In Calles-Pineda, 'appellant alleged his due process rights were violated because he was "never personally addressed by the immigration judge.” The court observed Barraza-Leon upheld “substantial identical” procedures, but never passed on the substance of appellant's claim, although the court noted Calles-Pineda had not alleged he was "prejudiced in fact by the procedures employed.” 627 F.2d at 977. Calles-Pineda did not hold mass silent waiver of the right to appeal a deportation order comports with due process because that issue was not raised. The citation to Barraza-Leon on the claim that appellant had a general right to be personally addressed by the immigration judge cannot transform the failure to rule on that issue into a holding on the issue presented in the instant case because the judge in Barraza-Leon asked each deportee whether he wished to appeal and each responded that he did not wish to appeal.

. The government claims Lopez-Vasquez has been convicted six times since 1978 for theft of property, driving under the influence, burglary, and possession of a controlled substance.
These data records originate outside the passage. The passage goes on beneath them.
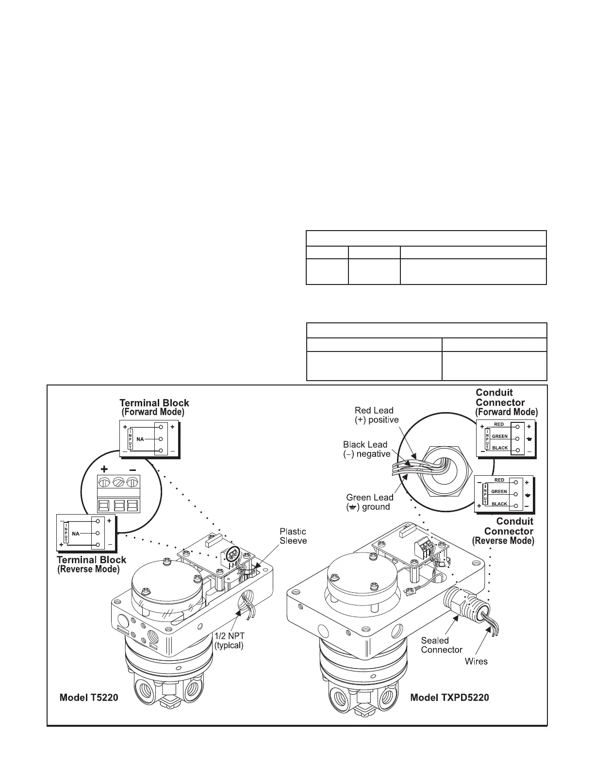 NOTE: The T5220 & TXPD5220 should be wired in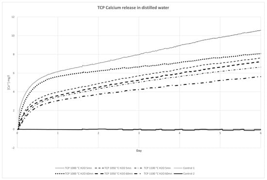 To study the ionic release of our material, we observed the conductimetry variation of distilled water, in which we immersed printed pellets that were 11.5 mm in diameter and 2.1 mm in thickness with a mass of 0.55 g. Pellets were printed according to our technique and then sintered. We studied the effects of three temperatures, namely 1000 °C, 1050 °C and 1100 °C, and sintered two pellets for each temperature. Finally, for each temperature, one pellet was washed for 5 min and the other for 1 h before being sterilized at 170 °C for 1 h. We developed a specific device to test eight samples in parallel, leaving the samples in pure water for 6 days. To convert these conductimetry results into a Ca2+ assay, we used an AQUION ICS900® (Thermo Fischer Scientific, MA, USA) ion-exchange chromatography system.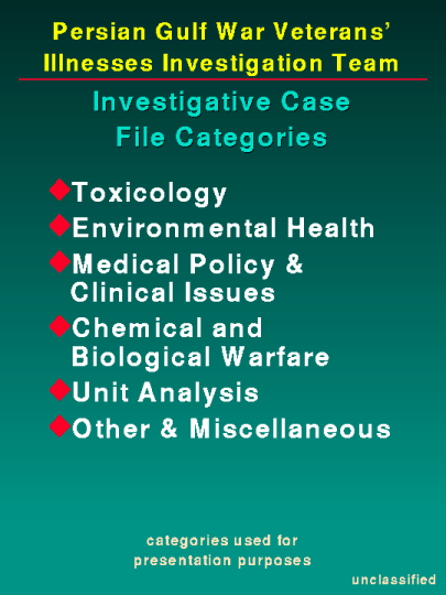 As stated in previous testimonies, the Team does not focus its efforts strictly on chemical warfare issues. Our case files do, however, appear to be skewed in the direction of chemical warfare issues. This is due to the sensitivity of this topic. Our charter is to investigate any plausible theory relating to Persian Gulf Veterans' Illnesses and to guarantee we do not overlook any possible cause. Many of our case files interrelate and some also provide supportive information to overall subject area reviews. In order to efficiently discuss our case files, they are arbitrarily separated into general file categories. The Team bases its investigations on the information identified to date, realizing that new data may be added. For your assistance, a list of acronyms used throughout our case file summary sheets has been provided. I will now address several of our representative files.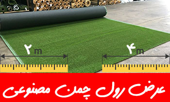 عرض رول چمن مصنوعی به طور کلی در سراسر جهان، و همچنین در کارخانههای تولید چمن مصنوعی در ایران، به دو اندازه استاندارد 2 متر و 4 متر تولید میشود. این اندازهها برای تسهیل در نصب و کاهش میزان چسب مورد نیاز، به خصوص در متراژهای بالا، انتخاب شدهاند.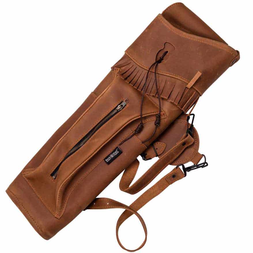 Carquois pour droitiers uniquement. A moins d’être retravaillé, ce carquois n’est pas fait pour monter à cheval 🙂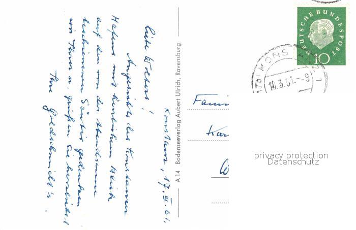 72812471 alte Postkarte Konstanz Bodensee Rheinausfluss mit Schweizer Alpen Fliegeraufnahme postalisch gelaufen Erhaltung siehe scans [FriedD77] KatCode: 11110008335043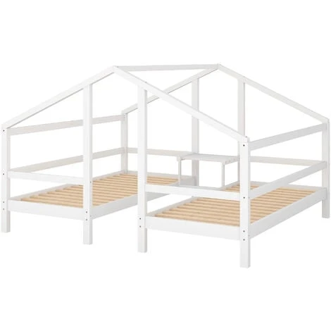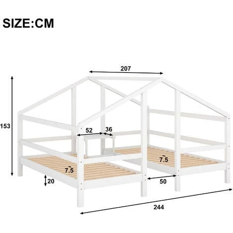 - 【Stile scandinavo e design innovativo】 Questo letto matrimoniale per bambini da 244 x 207 cm (L x P) è composto da due letti singoli sotto lo stesso tetto. Il letto della casa offre due posti letto sicuri e confortevoli, in cui due bambini possono dormire e giocare allo stesso tempo.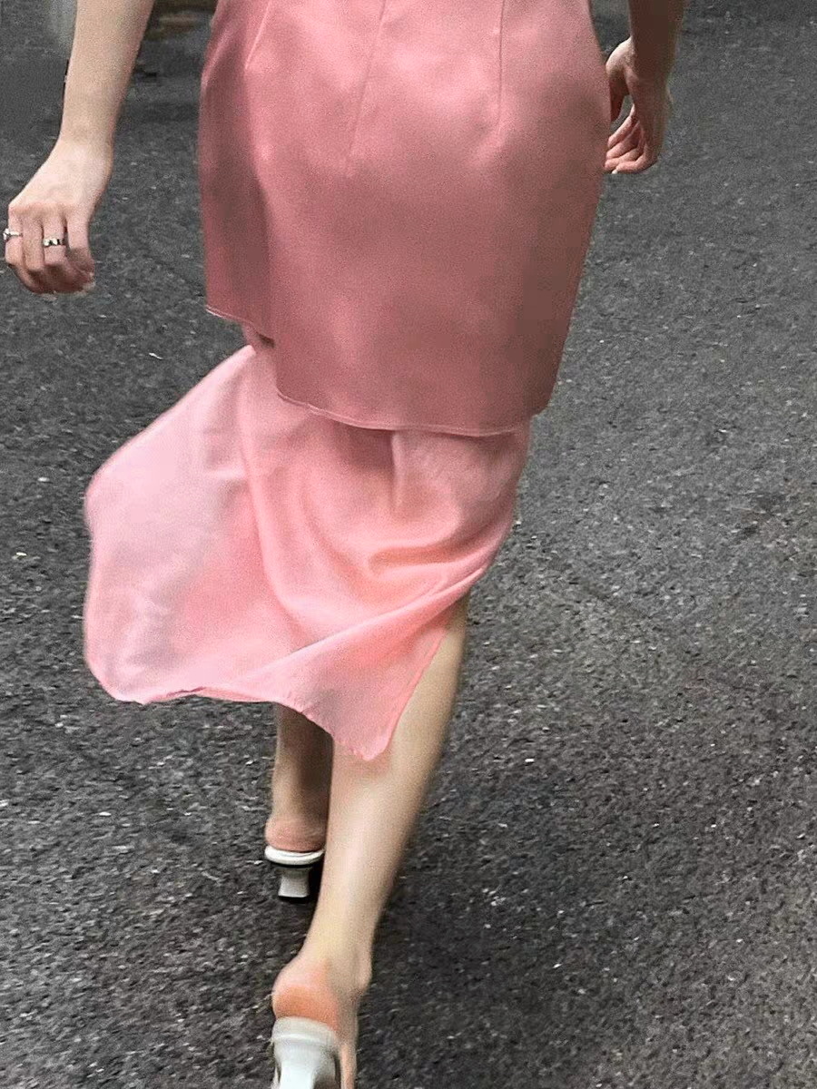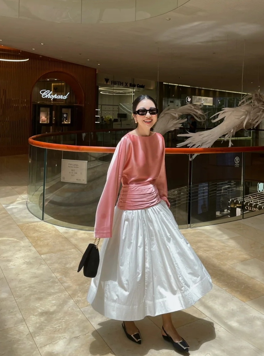 Color classification | Pink top with water sleeves and white skirt |
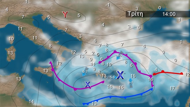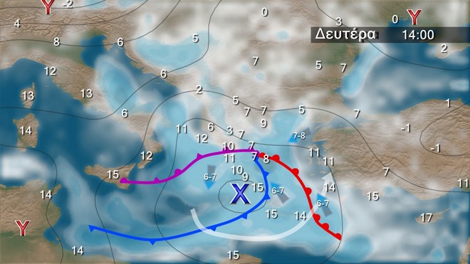 Την Τρίτη το σύστημα αυτό θα κινηθεί αργά ανατολικά και θα επηρεάσει σχεδόν όλη τη χώρα και κυρίως τα κεντρικά και νότια.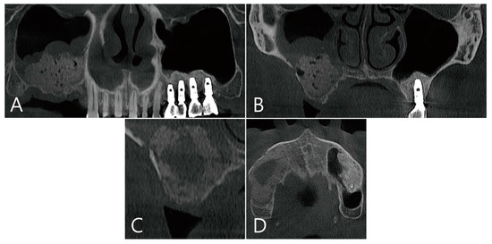 - Park, W.B.; Lim, H.C. Late Developed Unusual Nasal Involvement of Postoperative Maxillary Cyst Following Maxillary Sinus Augmentation: A Case Report. Appl. Sci. 2021, 11, 10730. [Google Scholar] [CrossRef]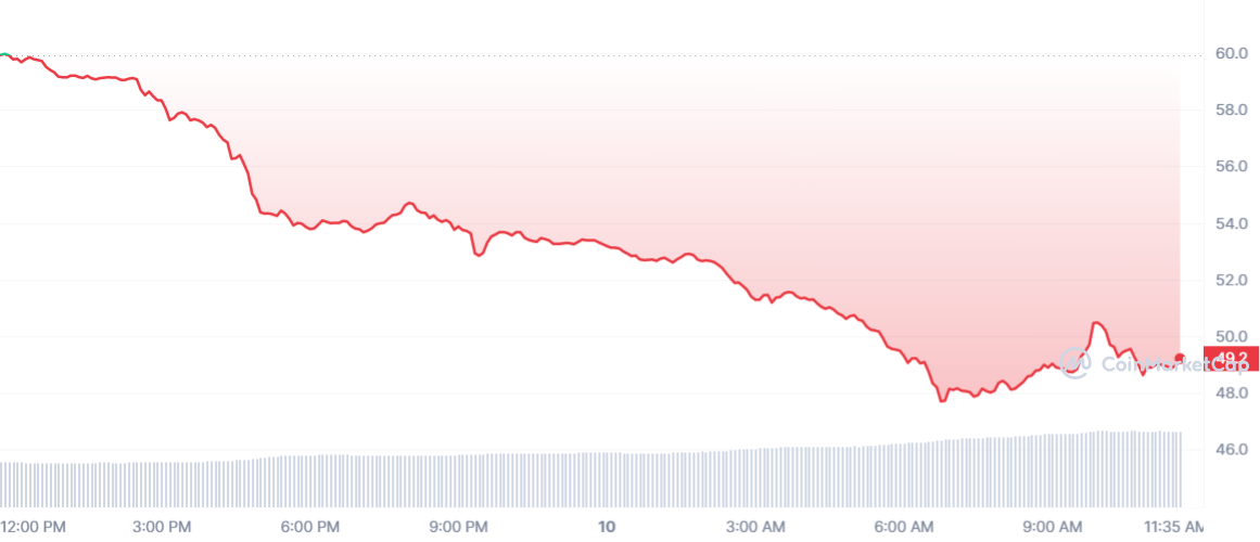 La cryptomonnaie DASH a passé une très mauvaise nuit. En effet, l’actif a chuté massivement, de 18 %. En conséquence, la pièce est passé en dessous des 50 $. Désormais, le jeton s’échange à 49.17 $.
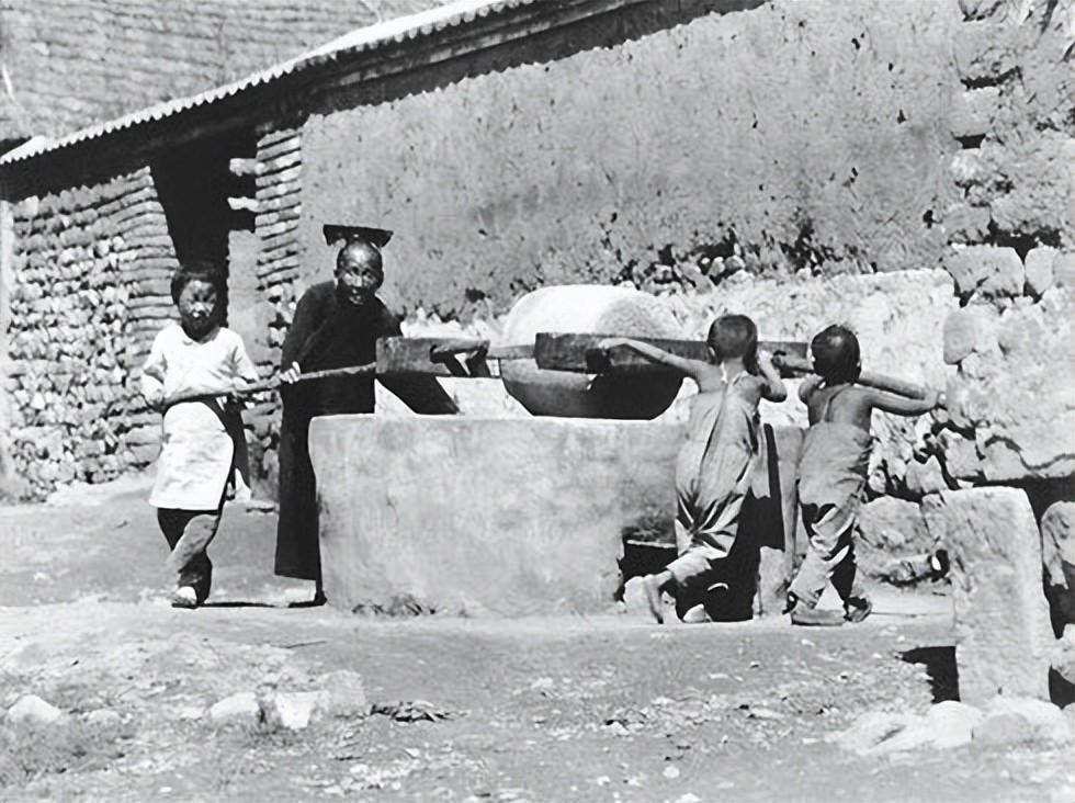 06. 1924年,热河(承德),推磨。石磨常见于北方农村,靠人工或畜力推动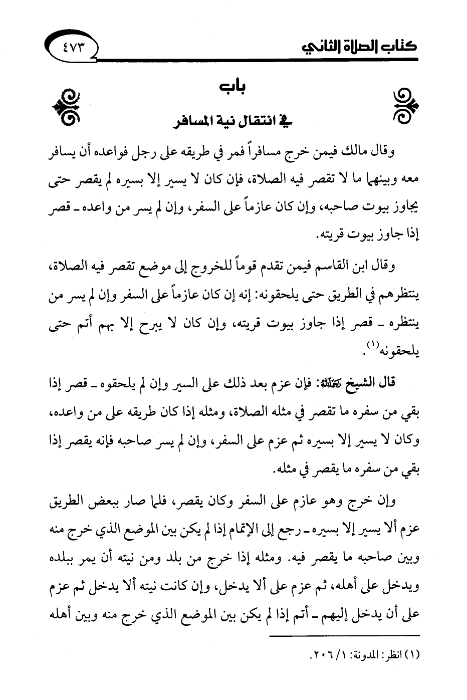 وقال ابن القاسم فيمن تقدم قومًا للخروج إلى موضع تقصر فيه الصلاة، ينتظرهم في الطريق حتى يلحقونه: إنه إن كان عازمًا على السفر وإن لم يسر من ينتظره - قصر إذا جاوز بيوت قريته، وإن كان لا يبرح إلا بهم أتم حتى يلحقونه (¬1).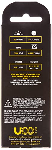 Détails : Il s'agit de la lanterne à bougie pliable classique à longue durée de vie qui fournit une lumière naturelle chaude à des milliers d'amateurs de plein air depuis des décennies. Il est parfaitement adapté à la randonnée, à l'alpinisme, au camping sur neige et à d'autres activités de plein air similaires, tout en fournissant un éclairage de secours pratique. La lanterne à bougie originale utilise une bougie UCO de 9 heures, l'entourant dans le boîtier de lanterne le plus sûr et le plus efficace disponible partout. Le tube de bougie alimenté par ressort pousse la bougie vers le haut pendant qu'elle brûle, gardant la flamme à une hauteur constante. Une fente de visualisation permet à l'utilisateur de surveiller la durée de combustion restante de la bougie à combustion lente. Du fabricant Il s'agit de la lanterne à bougie pliable classique à longue durée de vie qui fournit une lumière naturelle chaude à des milliers d'amateurs de plein air depuis des décennies. Il est parfaitement adapté à la randonnée, à l'alpinisme, au camping sur neige et à d'autres activités de plein air similaires, tout en fournissant un éclairage de secours pratique. La lanterne à bougie originale utilise une bougie UCO de 9 heures, l'entourant dans le boîtier de lanterne le plus sûr et le plus efficace disponible partout. Le tube de bougie alimenté par ressort pousse la bougie vers le haut pendant qu'elle brûle, gardant la flamme à une hauteur constante. Une fente de visualisation permet à l'utilisateur de surveiller la durée de combustion restante de la bougie à combustion lente.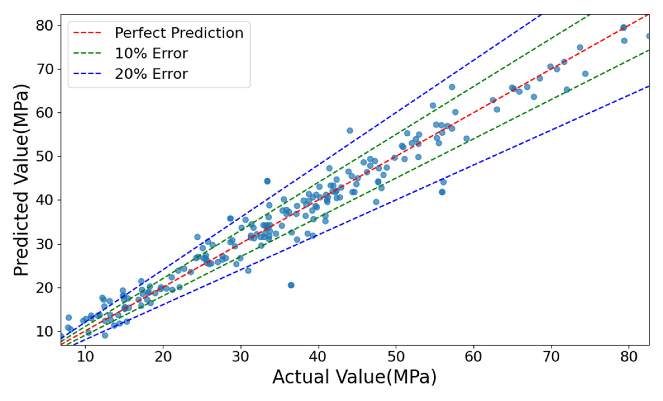 With the deepening application of machine learning in concrete strength prediction, researchers have begun exploring more advanced neural network architectures and ensemble strategies to further enhance models’ ability to characterize complex nonlinear relationships. Deep learning methods, through multi-level feature abstraction and nonlinear transformations, provide new technical pathways to overcome the performance bottlenecks of traditional machine learning algorithms. Aggarwal et al. [17] introduced deep neural networks into self-compacting concrete prediction, achieving a correlation coefficient of 0.907 using ReLU activation functions—a 3% improvement over traditional ANN. Li et al. [18] developed a stacked ensemble model combining the strengths of RF and eXtreme Gradient Boosting (XGBoost), achieving an R2 of 0.987 for rice husk ash concrete, though it did not resolve the underfitting risk under small-sample conditions. Zhang et al. [19] constructed a deep forest model that captured slag-superplasticizer interactions through multi-granularity scanning, reducing test set errors by 18% compared to single tree models. Mahmood et al. [20] compared eight algorithms for marble powder-modified concrete and found that ensemble models achieved an R2 exceeding 0.998 but excessive reliance on ideal mix-proportion data led to conflicts with physical constraints. These cases demonstrate that while increased algorithmic complexity can significantly enhance predictive capabilities for complex material systems, over-reliance on data fitting while neglecting deeper material science mechanisms results in severe robustness challenges when facing data noise and physical constraints.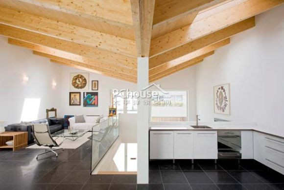 底层为休息室和带浴卧室,“L”形的二层才是厨房餐厅和起居室。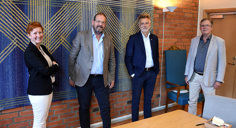 Länsstyrelsen besökte Herrljunga. Från vänster kommundirektör Ior Berglund, kommunalrådet Gunnar Andersson, landshövding Anders Danielsson, samt kommunalrådet Mats Palm.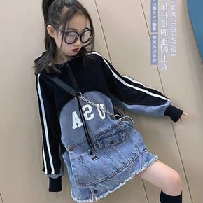 女童中长款卫衣21新款秋装儿童韩版洋气秋季时髦披肩...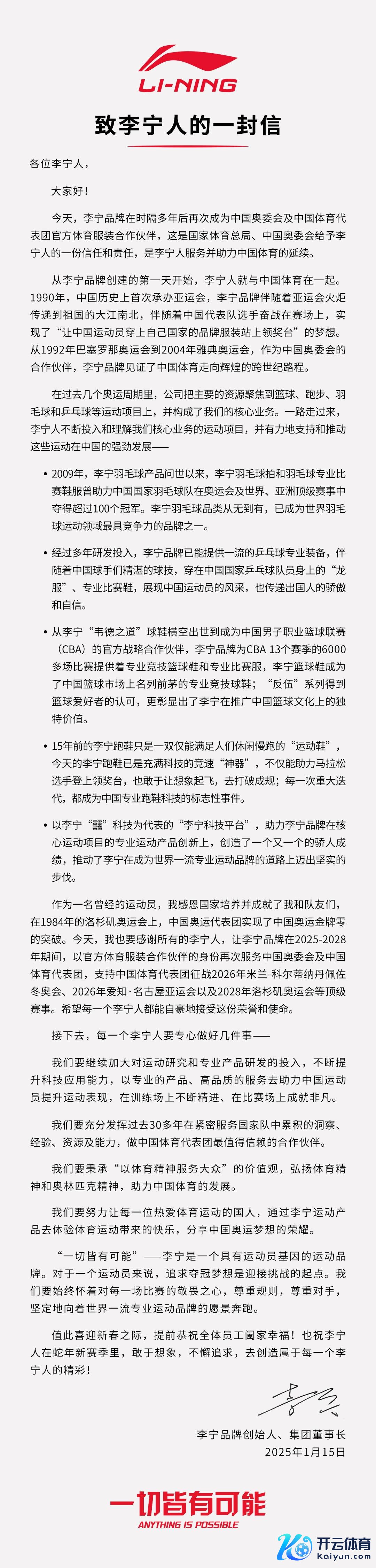 作家 |谢芸子体育游戏app平台 剪辑 |郑怀舟 封面开始 |企业官方 李宁、安踏两大国民体育用品集团,再度被沿路放到聚光灯下。 1月15日,上海联交所认真发布公告称,李宁公司获取2025年至2028年,中国体育代表团体育服装协作企业搜集名目。这意味着,在接下来的四年,李宁品牌将接替安踏品牌,以官方体育服装协作伙伴的身份,服务中国奥委会(Chinese Olympic Committee,以下简称COC)及中国体育代表团。 当日晚间,李宁公司首创东谈主、董事长陌生地在公司内发布《致李宁东谈主的

An alien is statutorily ineligible for suspension of deportation if he cannot show good moral character, and no person can make such a showing if he has been imprisoned for more than 180 days over the preceding seven years. Voluntary departure requires a showing of good moral character over the previous five years. Lawful admission for permanent residence is not available to aliens who have a committed crime of moral turpitude, which includes theft. Villa-Fabela, 882 F.2d at 440-41.

. We note that if Lopez-Vasquez can make a prima facie showing of prejudice, "the burden then shifts to the government to show that the violation could not have changed the outcome of the deportation proceedings." Id.